Furthermore, Geobacter species have a selective number of electron
donors they can utilize and thus fermentative organisms are
required in order to convert complex organic substrates to the
organic acids that Geobacter species can oxidize. This Example
describes the engineered expansion of Geobacter species substrate
range to accelerate their rate of electron transfer in order to
enhance electricity production.
[0034] The developmental design for engineered expansion of
substrate range employed a genome-based in silico model of the
physiology of Geobacter sulfurreducens. For example, glycerol has a
relatively high electron per mole ratio, and the model predicted
that glycerol could be used as an electron donor if the appropriate
transporter was present. This prediction was confirmed by cloning
the glycerol uptake and processing operon from Desulfovibrio
vulgaris, another .delta.-proteobacterium. As predicted by the in
silico model, the engineered strain of G. sulfurreducens had the
ability to grow with glycerol as the sole electron donor.
Furthermore, a hierarchical optimization strategy was used to
identify specific in silico gene deletions that could enhance the
rate of electron transport during growth on glycerol or acetate.

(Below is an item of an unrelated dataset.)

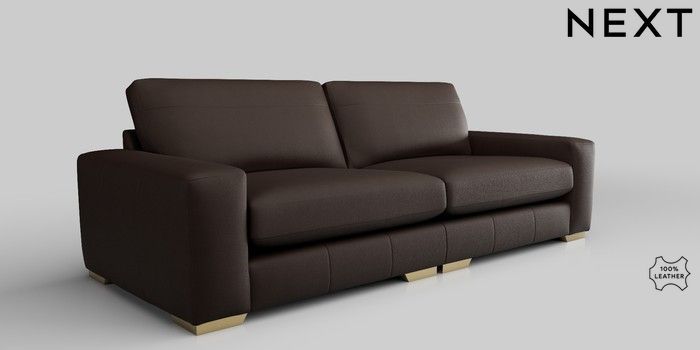 6.12.1 Buy Houghton Leather Deep Sit 4 Seater Sofa Turin Leather Dark Brown Large Square Angle - Brushed Brass from the Next UK online shop Click here to use our accessible website

The in silico prediction that deletions in ATP synthesizing
reactions will lead to increased activity of the ATP synthase and
an enhanced rate of electron transfer was confirmed. These studies
further corroborate bioelectricity using the engineered organisms
and methods of the invention and also demonstrate that genome-based
in silico modeling of microbial physiology can significantly
augment the design and implementation process for bioelectricity
improvement and optimization.
[0035] Briefly, generation and analysis of an in silico metabolic
network of G. sulfurreducens was performed using the system and
methods described in U.S. patent application Ser. No. 10/173,547,
filed Jun. 14, 2002, entitled Systems and Methods for Constructing
Genomic-Based Phenotypic Models, which is incorporated herein by
reference in its entirety. These in silico systems and methods
allow for the identification of potential substrates having a high
electron/mole ration. As shown in FIG. 1, G. sulfurreducens was
predicted to have a flux on acetate of 71 mmol/10 mM acetate. When
grown on glycerol, the in silico G. sulfurreducens model also
predicted a flux of 65 mmol/10 mM glycerol.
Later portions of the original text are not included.